# Task inputs
● ● ●

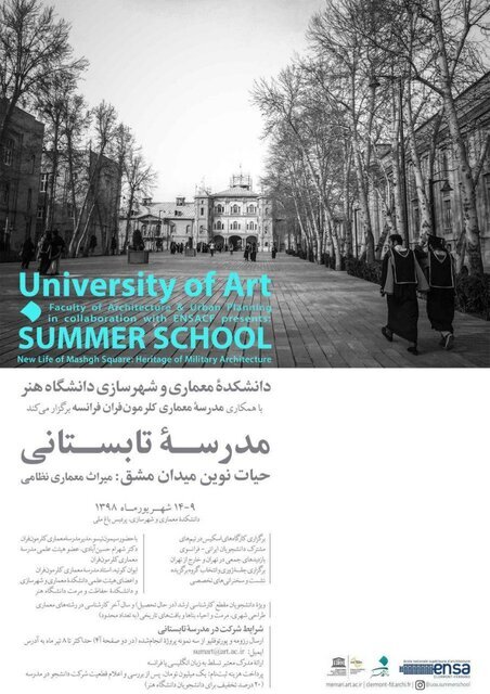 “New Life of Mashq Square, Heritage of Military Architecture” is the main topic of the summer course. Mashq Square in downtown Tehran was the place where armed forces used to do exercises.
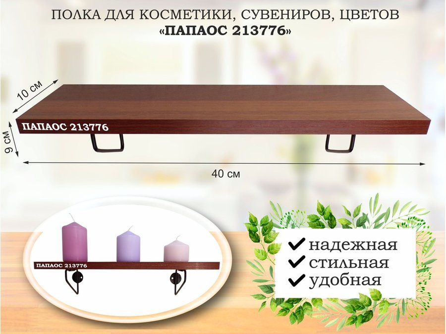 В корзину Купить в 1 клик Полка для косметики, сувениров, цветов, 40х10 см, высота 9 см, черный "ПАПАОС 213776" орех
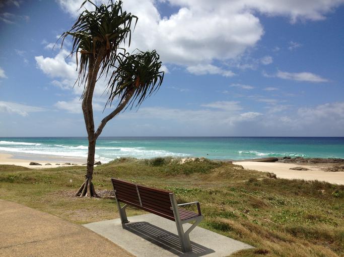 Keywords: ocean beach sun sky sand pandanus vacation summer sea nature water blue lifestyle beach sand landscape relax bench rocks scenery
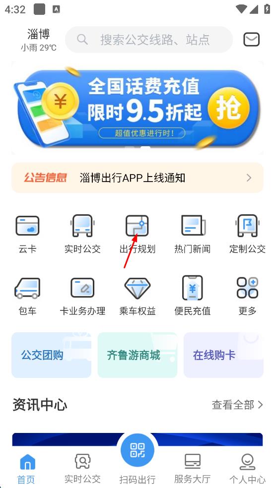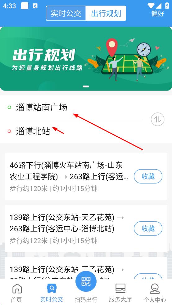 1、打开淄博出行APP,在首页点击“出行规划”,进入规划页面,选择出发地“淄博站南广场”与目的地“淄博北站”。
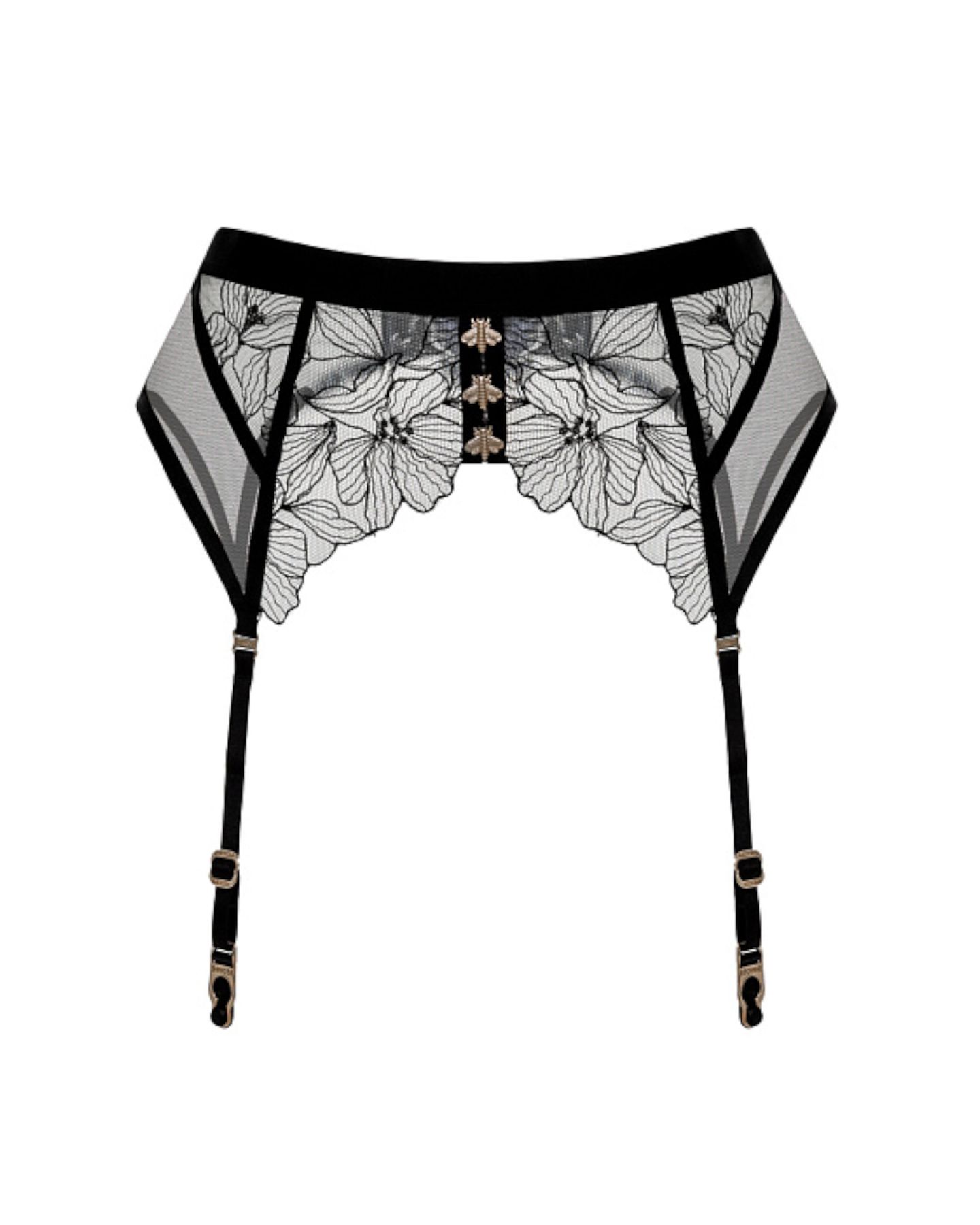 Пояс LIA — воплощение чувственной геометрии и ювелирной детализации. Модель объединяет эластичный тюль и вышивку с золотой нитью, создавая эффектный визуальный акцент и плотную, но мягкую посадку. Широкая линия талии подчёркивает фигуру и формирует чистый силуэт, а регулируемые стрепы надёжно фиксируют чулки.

● ● ●

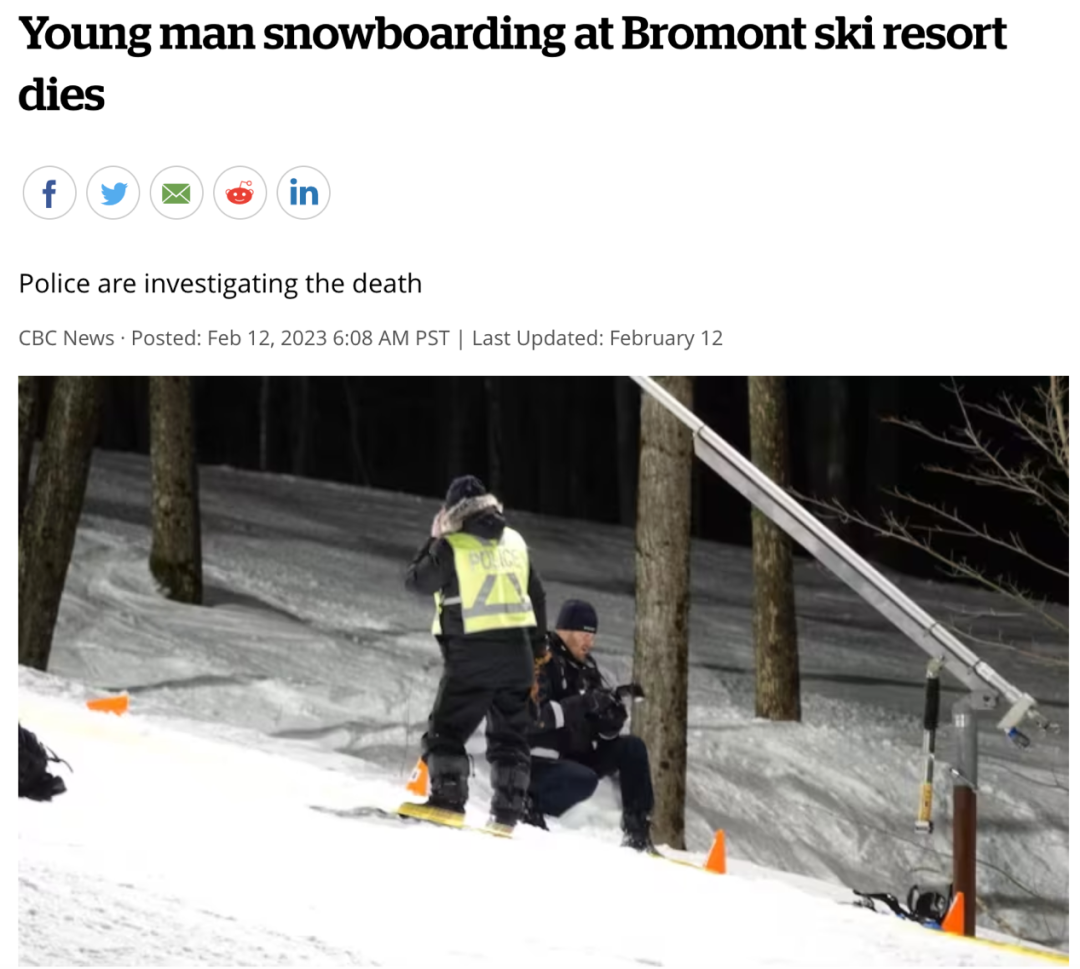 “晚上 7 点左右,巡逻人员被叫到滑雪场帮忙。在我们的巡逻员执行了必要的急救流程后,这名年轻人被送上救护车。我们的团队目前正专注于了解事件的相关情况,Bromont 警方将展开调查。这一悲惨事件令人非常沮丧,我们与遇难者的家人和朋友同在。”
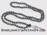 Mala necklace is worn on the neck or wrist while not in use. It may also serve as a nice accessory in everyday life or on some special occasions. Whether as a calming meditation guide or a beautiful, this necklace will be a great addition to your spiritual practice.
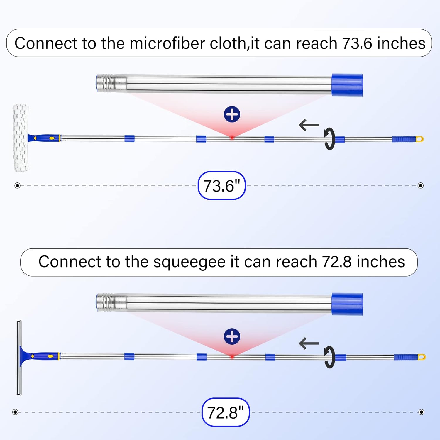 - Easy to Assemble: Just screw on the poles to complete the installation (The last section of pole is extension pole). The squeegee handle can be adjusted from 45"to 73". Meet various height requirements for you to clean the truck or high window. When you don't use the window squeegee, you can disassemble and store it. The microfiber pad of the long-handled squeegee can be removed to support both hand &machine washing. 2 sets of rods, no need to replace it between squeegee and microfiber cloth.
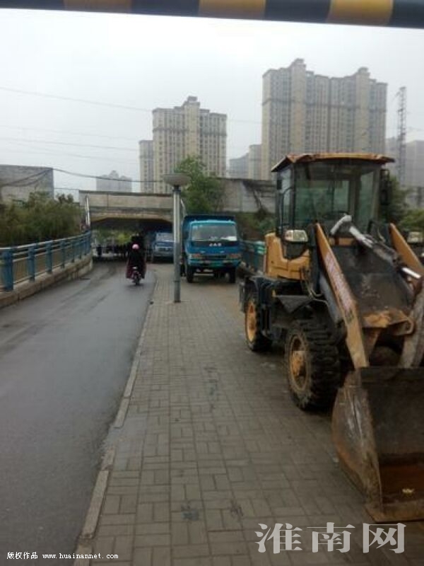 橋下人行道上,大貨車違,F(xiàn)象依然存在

● ● ●

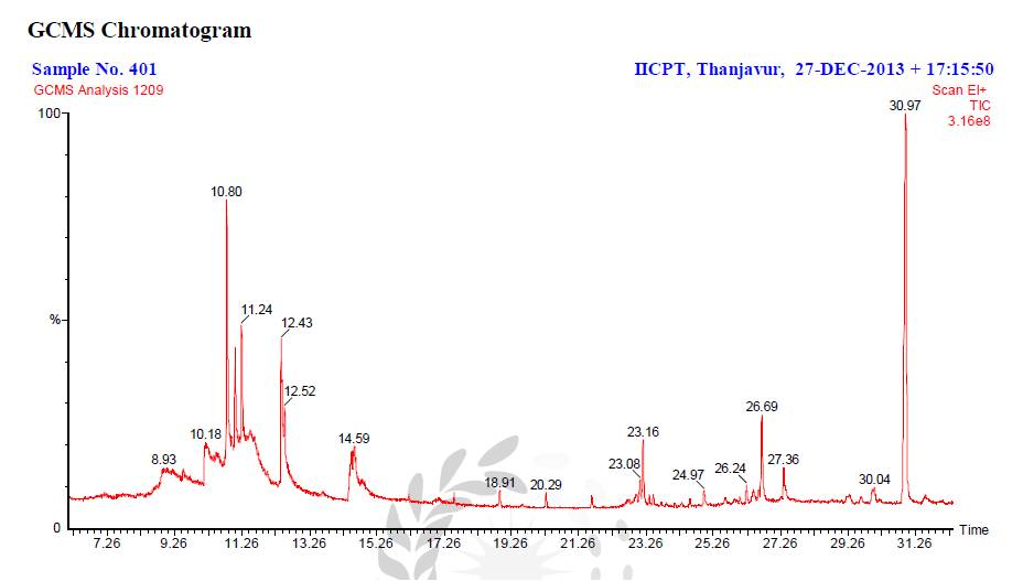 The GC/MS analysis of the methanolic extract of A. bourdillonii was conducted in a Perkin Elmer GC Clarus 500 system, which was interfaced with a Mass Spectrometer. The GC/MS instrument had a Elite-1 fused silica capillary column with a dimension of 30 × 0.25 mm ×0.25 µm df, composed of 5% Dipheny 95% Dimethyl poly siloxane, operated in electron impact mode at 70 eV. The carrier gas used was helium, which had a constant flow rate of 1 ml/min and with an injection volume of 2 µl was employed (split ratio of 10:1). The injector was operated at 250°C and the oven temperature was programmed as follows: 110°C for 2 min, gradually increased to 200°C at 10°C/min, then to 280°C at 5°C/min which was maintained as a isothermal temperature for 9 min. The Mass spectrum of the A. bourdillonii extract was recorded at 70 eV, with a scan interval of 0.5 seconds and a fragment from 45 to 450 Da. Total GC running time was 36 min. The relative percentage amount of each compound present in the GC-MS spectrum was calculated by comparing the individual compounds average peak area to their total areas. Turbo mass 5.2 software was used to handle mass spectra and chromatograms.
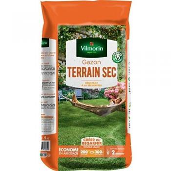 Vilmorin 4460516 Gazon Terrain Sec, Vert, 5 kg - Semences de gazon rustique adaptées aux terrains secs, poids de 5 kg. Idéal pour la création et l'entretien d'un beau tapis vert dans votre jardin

● ● ●

# What to do
Return only the stretch above from the line containing "to do exercises." through the line containing "Пояс LIA — воплощение", word for word and without pictures.

# Answer to the exercise
 “New Life of Mashq Square, Heritage of Military Architecture” is the main topic of the summer course. Mashq Square in downtown Tehran was the place where armed forces used to do exercises.
 В корзину Купить в 1 клик Полка для косметики, сувениров, цветов, 40х10 см, высота 9 см, черный "ПАПАОС 213776" орех
 Keywords: ocean beach sun sky sand pandanus vacation summer sea nature water blue lifestyle beach sand landscape relax bench rocks scenery
 1、打开淄博出行APP,在首页点击“出行规划”,进入规划页面,选择出发地“淄博站南广场”与目的地“淄博北站”。
 Пояс LIA — воплощение чувственной геометрии и ювелирной детализации. Модель объединяет эластичный тюль и вышивку с золотой нитью, создавая эффектный визуальный акцент и плотную, но мягкую посадку. Широкая линия талии подчёркивает фигуру и формирует чистый силуэт, а регулируемые стрепы надёжно фиксируют чулки.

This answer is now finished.